Alice Jane let out a sound like a painful sigh, then touched a hand to his hair and said sadly: “Well, I suppose you learned somethin’ all right. I’m sorry that you had to hear. I didn’t mean for you to know so soon. I’d hoped to keep it private for a while longer, at least until we’d got moved and settled in. Your father doesn’t need to be dealin’ with this just now . . .”
“But maybe Uncle John can cure you, Ma, before Pa has to know. Maybe he can save you like he saved me.”
“Oh, my sweet boy!” his mother said as she pulled him close to her. “I do hope you are right. I pray to God for such a miracle! But I also trust in God’s divine providence. If Jesus means for me to be cured, I will be. Of that I have no doubt. But if this illness should take me . . .”
“No, Ma!”
“. . . if this illness should take me, then that is God’s will. You must bel
ieve that. But John Henry, your mother is not dead, so there’s no need to mourn just yet.

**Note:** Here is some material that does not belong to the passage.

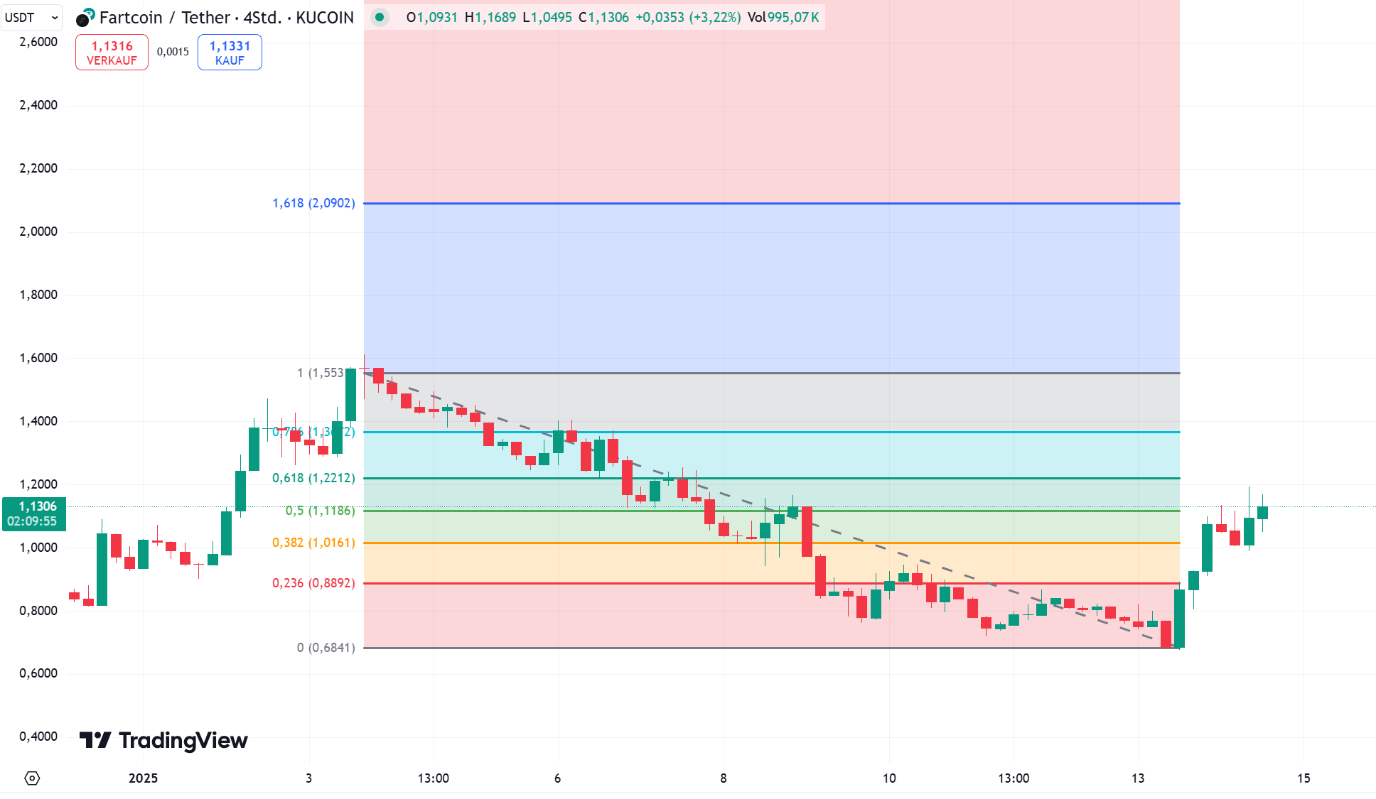 Fartcoin Chart mit Fib- Marken, Quelle: www.tradingview.com

And God willin’, I’ll live long enough to see you grown and with a family of your own before I die, as a proper mother should. That’s what I want, more than anything, for you to grow to healthy manhood and find a life that’ll make you happy. I want you to know the joy that I’ve known in raisin’ you, for you’ve been the light and the love of my life. But for now, we must decide how to keep your father from findin’ out.”

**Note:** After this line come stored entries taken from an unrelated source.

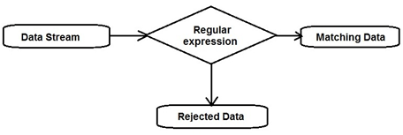 Utilities such as grep, sed, and awk use regular expressions for filtering text and then apply various processing commands as required by the user. The lines that do not match the pattern will be rejected. The following diagram explains the same concept:
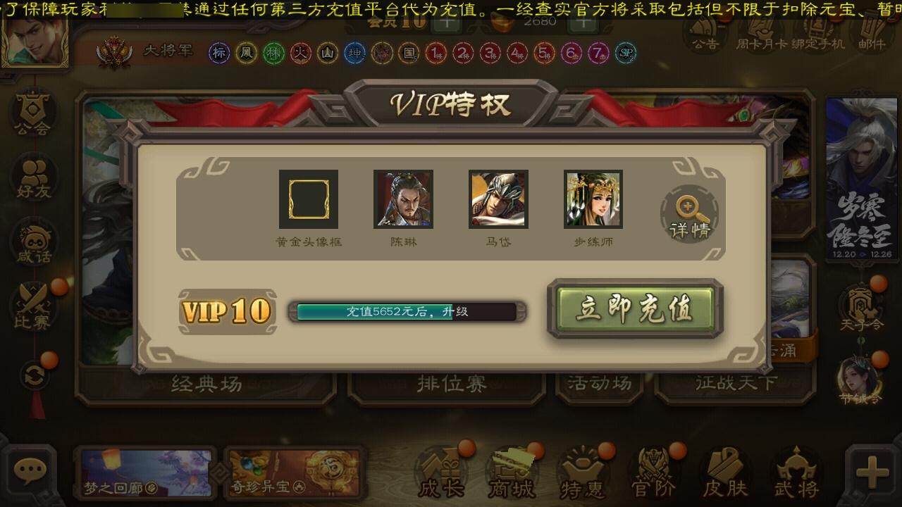 官阶:大将军;VIP等级:VIP10;史诗武将数量:51;动态皮肤数量:44
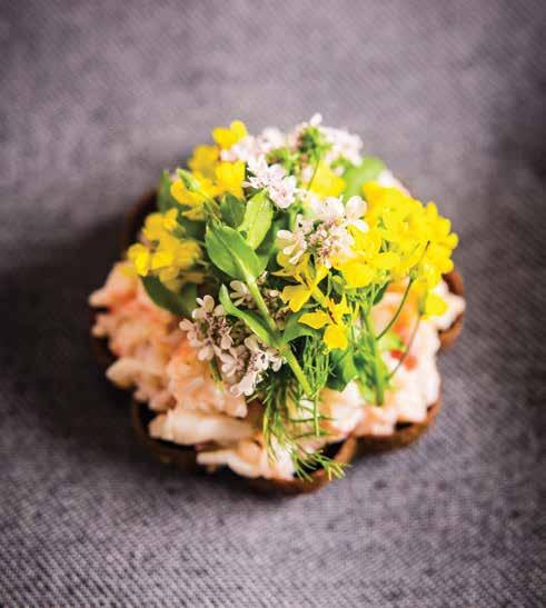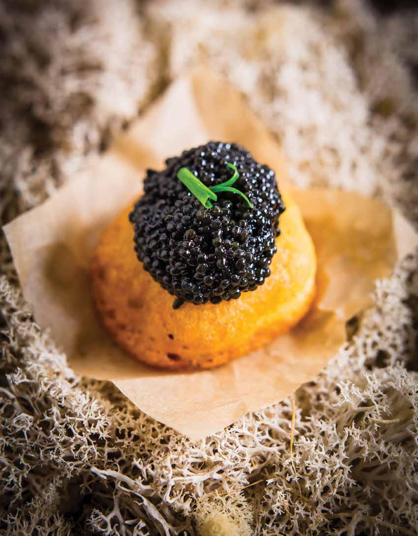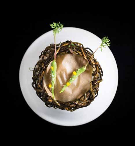 five-act play for the senses as they travel through 20-plus dishes of a menu that details descriptions and concepts of canapes, water, land, dessert and petit fours. These courses include intricate, artful plates that are playful on the palate. The summer menu’s first course includes dishes such as Foie Gras, Finger Lime, Hoshigaki and Barley and Grilled Lobster with Lovage & Benne.
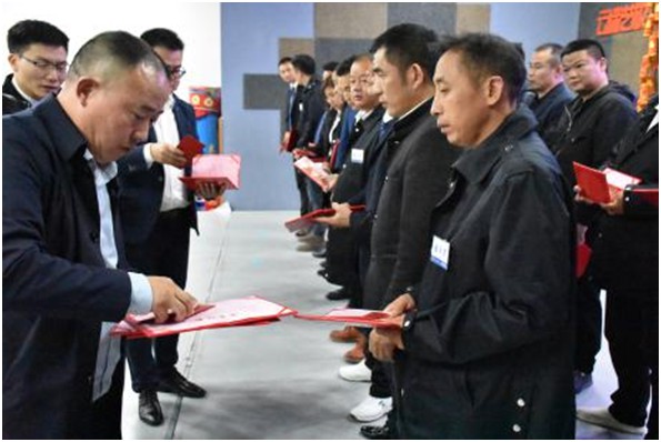 會(huì)議開始,集團(tuán)董事長(zhǎng)樂金紅先生宣讀了對(duì)張奪、楊文華、謝落心、劉鑫四位干部人事任命。

“You’re still not gonna tell him?” he asked in surprise.
“No, I am not. It’ll do him no good to know, and may harm his own recovery. So, my dear boy, you’ll have to share my secret a little longer. Now it must be our secret, together.”
“Our secret,” he repeated, and somehow having a confidence with her made him feel better, though it was a heavy secret to share.
“Now promise me one thing, dear. Promise me that you will never forget your sister here, for I fear that when I’m gone no one will remember to care for her grave. Promise me that you’ll come back here in days to come, and tend to Martha Eleanora’s grave for me.”
“But all I can do is weed. I can’t make those fancy flower things like you do.”
“Why, of course you can. You have good talented hands—you’re learnin’ how to play the piano, aren’t you? It won’t take you long to catch on to flower weavin’. Just take a stem like so . . .” and she nodded for John Henry to follow as she pulled a jonquil from her basket.
“But flowers are women’s work!” he protested. “That’s what Pa says, flowers and sewin’ and tendin’ to babies . . .”
“Is that so? Well, if your Uncle John hadn’t done such a fine job sewin’ up your lip when you were a baby, you wouldn’t be nearly so handsome now. He’s handier with a needle and thread than any woman I know, and he’s a fine man all the same.”
She had him there. “I guess I could try and make one of those wreath things like you do. Just as long as you don’t tell Pa, all right? I’ll catch hell for sure, if he sees me makin’ pretty things.”